Real-time, omni-channel listening and data analytics key to delivering impact on customer experience in financial services

Despite increase in digital self-service, human touch continues to profoundly influence customer experience

Leading financial services organizations globally are investing in real-time, omni-channel listening and data analytics capabilities to stay close to customers in times of economic volatility, according to new research from Qualtrics (Nasdaq: XM). The findings show that while a majority (59%) of financial services industry executives believe customer experience (CX) is a “critical priority” there are differences between firms that have seen improvements in CX (leaders) versus those that have not (laggards).

Amid the volatility driven by sharply rising interest rates and a string of the largest American and European bank failures since 2008, financial institutions that are able to build and nurture trust with their customers by communicating clearly and delivering intuitive, empathetic, effortless experiences will increasingly create distance between themselves and the rest of the industry. To better understand how CX impacts business results and the factors that distinguish CX leaders from laggards in the industry, Qualtrics surveyed over 400 executives – ranging from director level to c-suite – working in financial services across global hubs in North America, Europe, Asia and South America. The research reflects the attributes behind successful CX programs and how the experiences firms deliver impact their results.

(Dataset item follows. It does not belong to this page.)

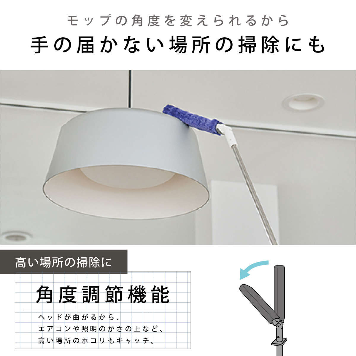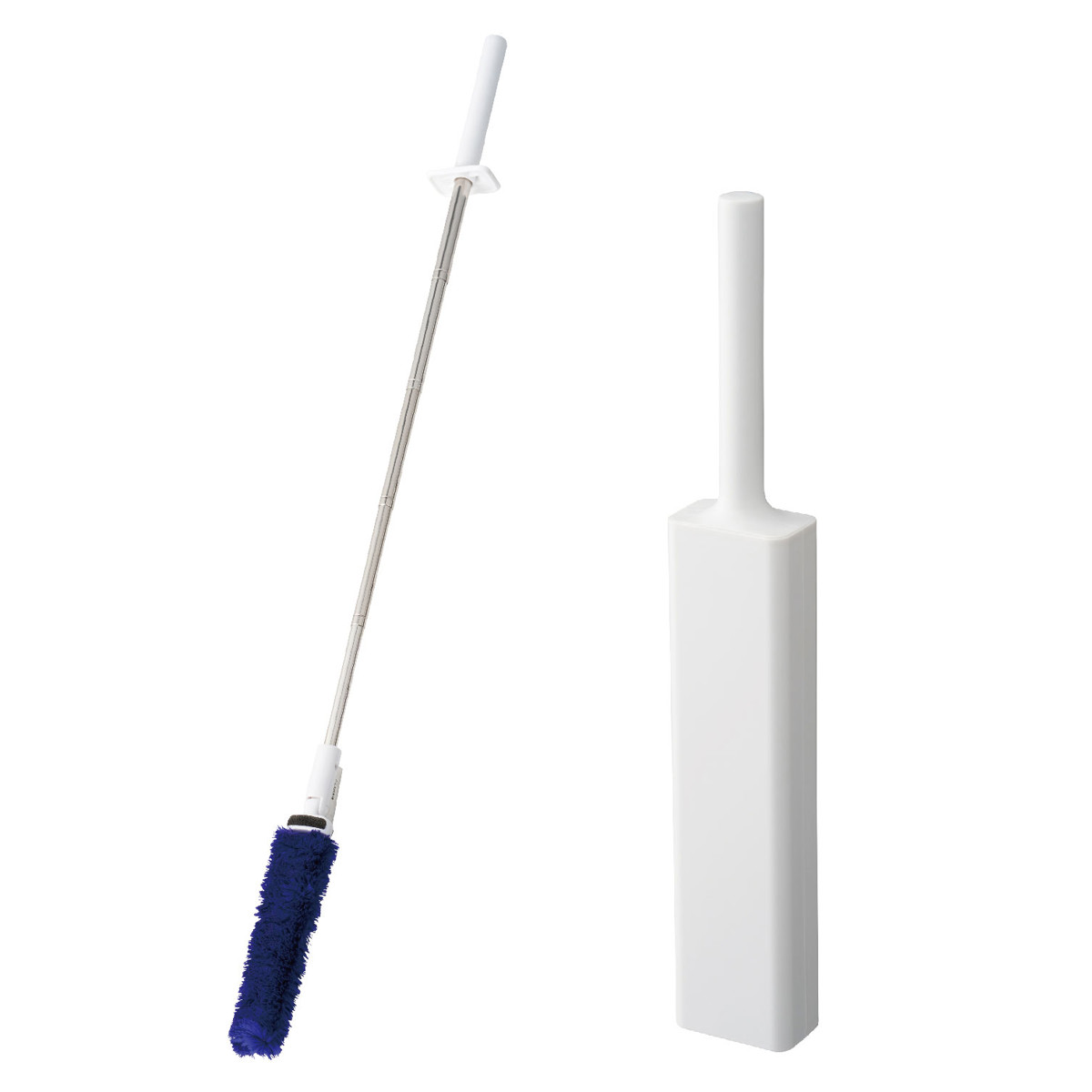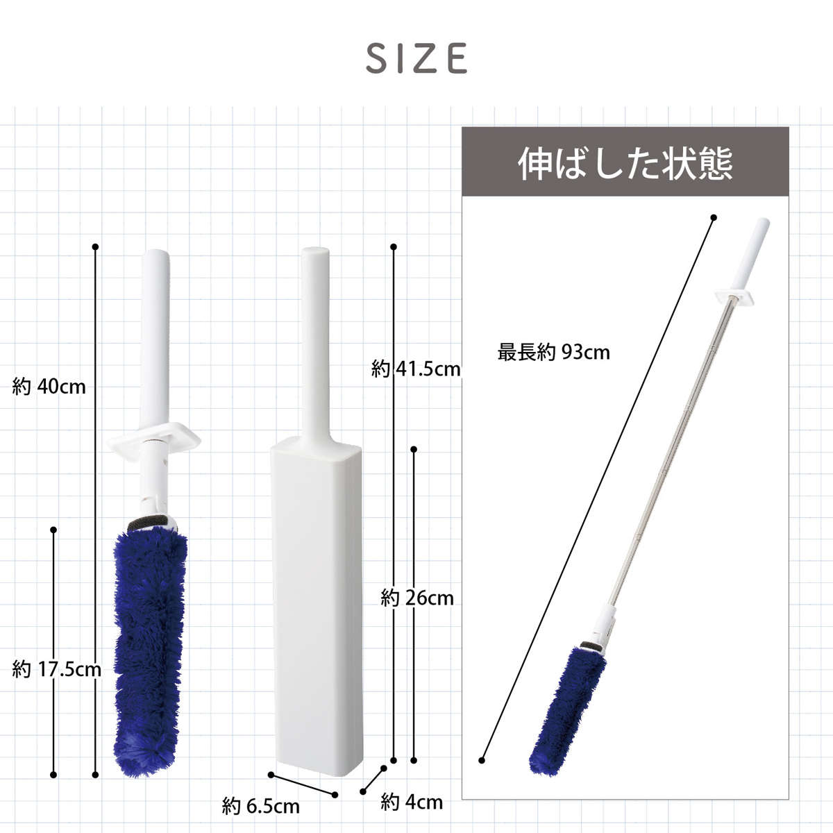 照明やエアコンなどの手の届かない高い所や、家具・家電のスキマなどに便利な、伸縮タイプです。引っ張るだけの簡単伸縮で、柄の長さは最長93cm。細長いモップと長い柄で、隙間も奥までピカピカにできます。

Real-Time Listening Helps Financial Institutions Respond to Customers Quickly and Effectively

As concerns about recent bank failures linger, it is important for financial services organizations to evolve their CX practices to leverage all of the data at their disposal to deliver experiences that engender confidence and trust. This means incorporating unstructured text and voice data, in addition to more traditional survey based listening, into their experience management programs.

According to the Qualtrics research, CX leaders are investing more in their listening capabilities than CX laggards:

Customer experience is similarly important for financial institutions that serve other businesses. The majority (90%) of B2B respondents strongly or somewhat agree that delivering a better CX leads to more market share, while 94% strongly or somewhat agree that CX is a significant driver of buying decisions for clients.

A Human Touch is Especially Important During Times of Uncertainty

While many tasks in financial services have been digitized, human interaction – especially in support of high-complexity, high-friction moments – continues to have a disproportionate influence on customer experience. Interacting in branches (29%), messaging with a human (21%) and speaking on the phone with a human (16%) are the three most important touch points associated with influencing an organization’s CX metrics.

“When it comes to personal or business finances, feelings play a major role, so having tools to listen to customers and analyze emotion and intent, and then acting on insights uncovered are key to improving customer experience and loyalty,” said Christopher Colley, global head of industry advisory for Financial Services at Qualtrics. “It is crucial that financial services institutions look to maximize value from their customer-focused investments by harnessing data-driven insights to combat the historic challenges facing the industry.”